» TASK INSTRUCTIONS
Below are some records. Retype exactly the lines from the one containing "Arnés anticaídas de" through the one containing "A macro photograph", both included, skipping every picture.
* * * * * * * * *
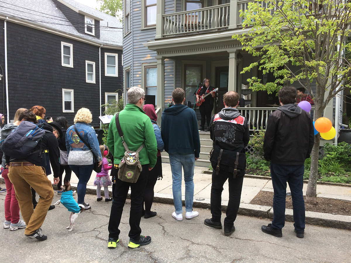 the first place i visited was park place to see hauskat, an 80's cover band. it wasn't far, but a private road coming from a one way downhill, so it took some finesse to get there. i saw the band setting up but there was nobody around. they told me they didn't start until 1pm, which wasn't until 30 minutes later, so i continued on my way. next i went to oxford street to see the powderhouse kids, another 80's cover band, but nobody seemed to be home. however, further down the street spectators had congregated to hear weather weapon, a punk rock band. i stayed for a few minutes but i really wanted to hear some sweet 80's music so i left soon afterwards.
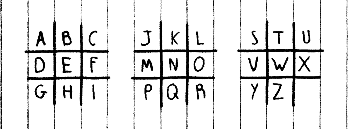 Три игровые решетки, в которых уместился весь английский алфавит – слева направо и сверху вниз. В первой были буквы от А до I, во второй – от J до R, и в последней – от S до Z. Итак, E, к примеру, располагалась в полном квадрате, B – в том, что был открыт сверху, а H – в открытом снизу. Хорошо! Друг от друга они отличались еще и тем, что в одних было по одной точке, в других – по две, а предпоследний и вовсе пустовал. Что ж, остается предположить, что квадрат с одной точкой соответствует буквам из первой решетки, тот, что с двумя точками, – из второй решетки, а предпоследний – из третьей.
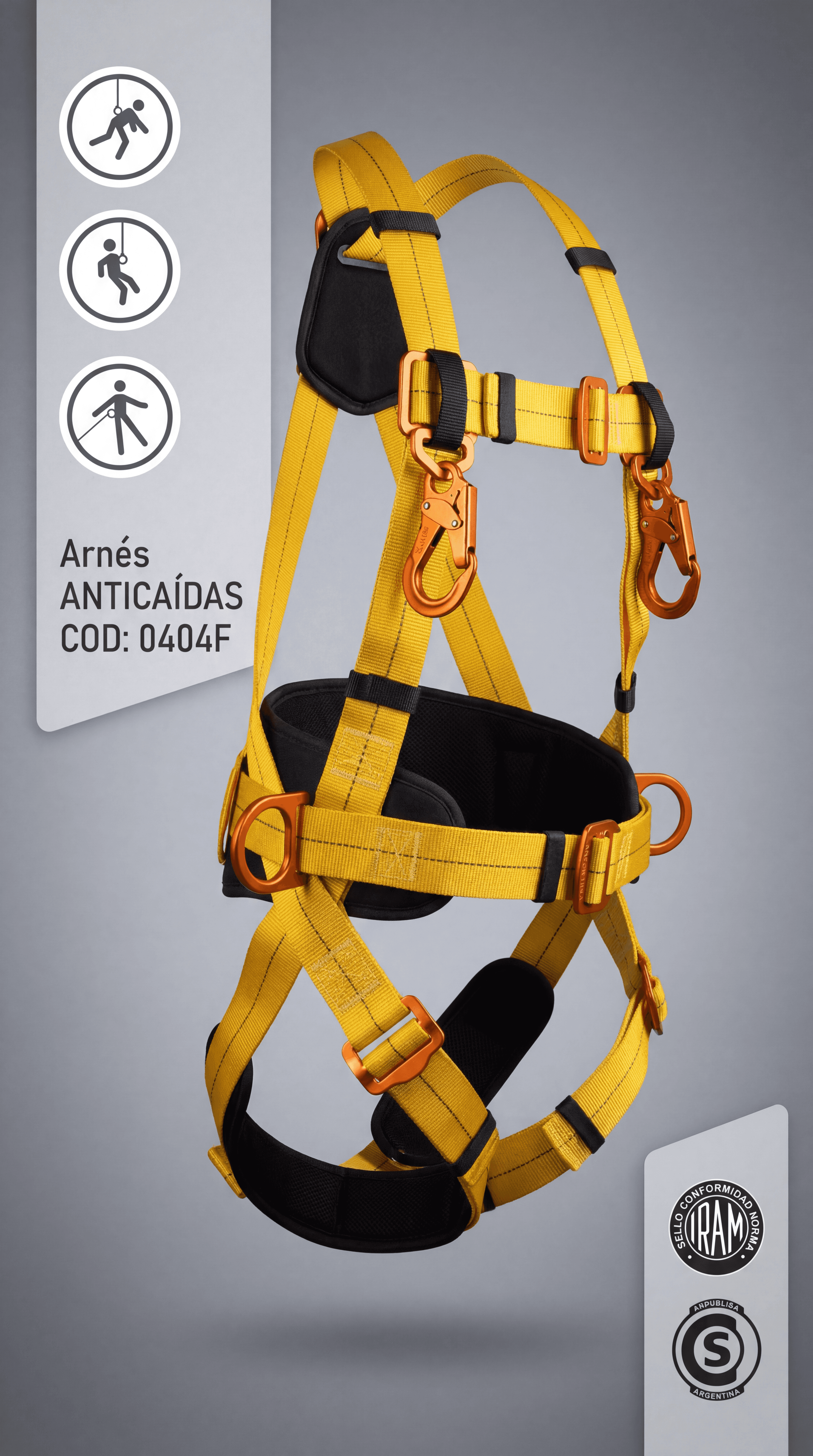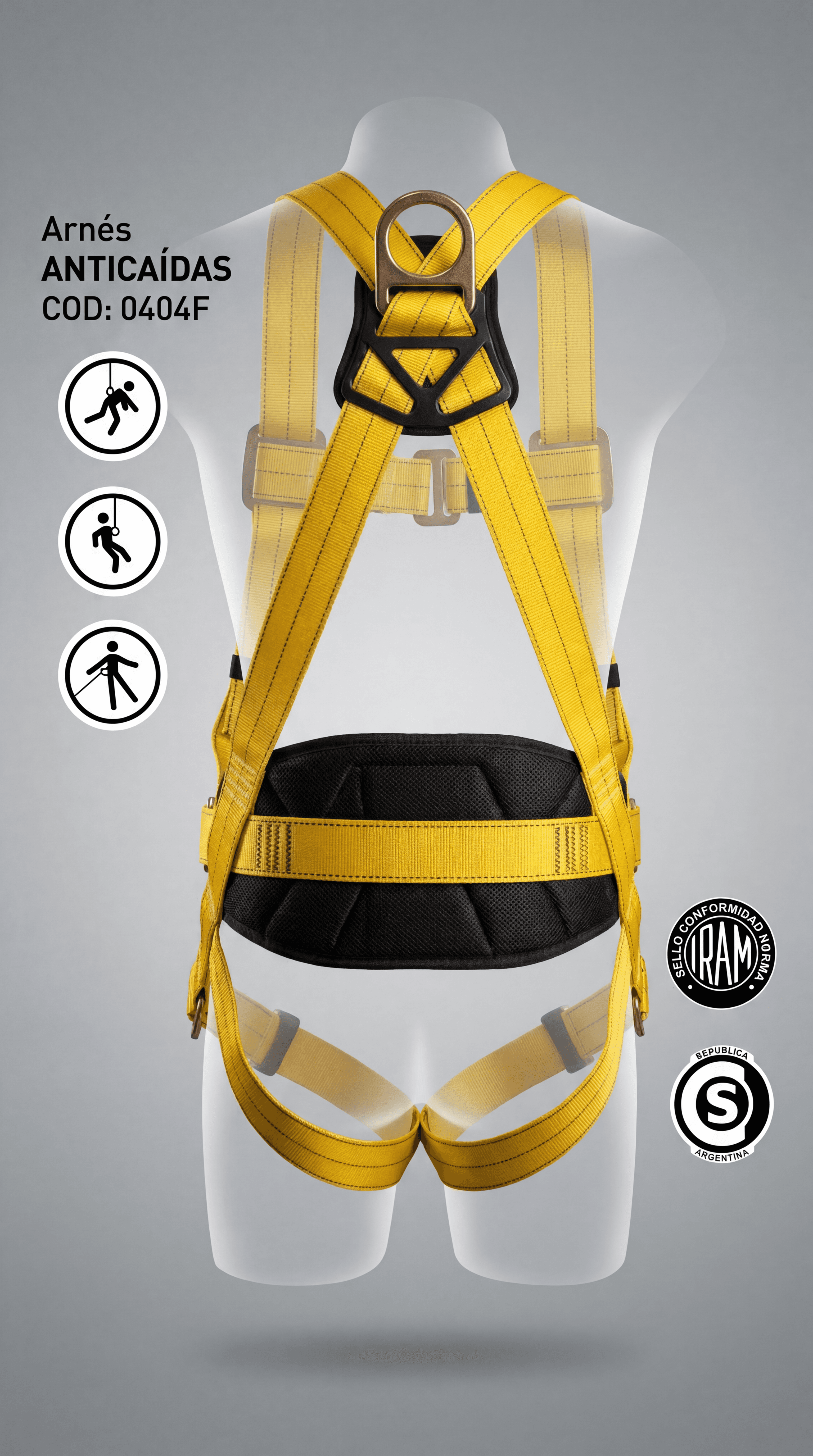 Arnés anticaídas de cuerpo completo confeccionado en cinta de poliéster de alta tenacidad color amarillo con acolchado lumbar y pectoral en negro. Diseñado para protección contra caídas en trabajos en altura, posicionamiento y rescate. Cuenta con punto de anclaje dorsal tipo argolla en D, hebillas de ajuste en hombros, cintura y piernas, y mosquetones de conexión rápida en los laterales. Certificado bajo norma IRAM y habilitado por SRT Argentina.
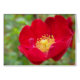 A macro photograph of a bright red single-petal miniature rose with a sunny yellow centre.
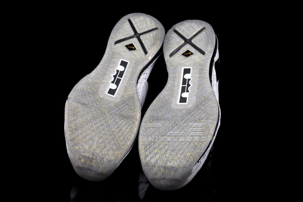 Last season, the White and Gold edition of the LEBRON 9 PS was the most special of all colorways. Despite Nike designing a commemorative NBA Finals edition, which King James did wear in Game 1, it was the Home Elites the rest of way (3 out of 5 NBA Finals games). It was the White and Gold Nike LeBron 9 P.S. that helped James capture his first NBA Championship. It was back in the day when we could actually get LeBron’s in-game kicks in the Playoffs. This season, LBJ wore 8 different Player Exclusive styles and none of the released models. This also excludes the presented White and Gold version of the LEBRON X P.S. It was also the only colorway to feature the Nike Plus capabilities. Although we cannot tie it directly to LeBron’s success and his second ring, it’s still one of the better colorways. Check out our detailed look below, which includes both Black and Gold speckled laces.
* * * * * * * * *
» RESULT
 Arnés anticaídas de cuerpo completo confeccionado en cinta de poliéster de alta tenacidad color amarillo con acolchado lumbar y pectoral en negro. Diseñado para protección contra caídas en trabajos en altura, posicionamiento y rescate. Cuenta con punto de anclaje dorsal tipo argolla en D, hebillas de ajuste en hombros, cintura y piernas, y mosquetones de conexión rápida en los laterales. Certificado bajo norma IRAM y habilitado por SRT Argentina.
 A macro photograph of a bright red single-petal miniature rose with a sunny yellow centre.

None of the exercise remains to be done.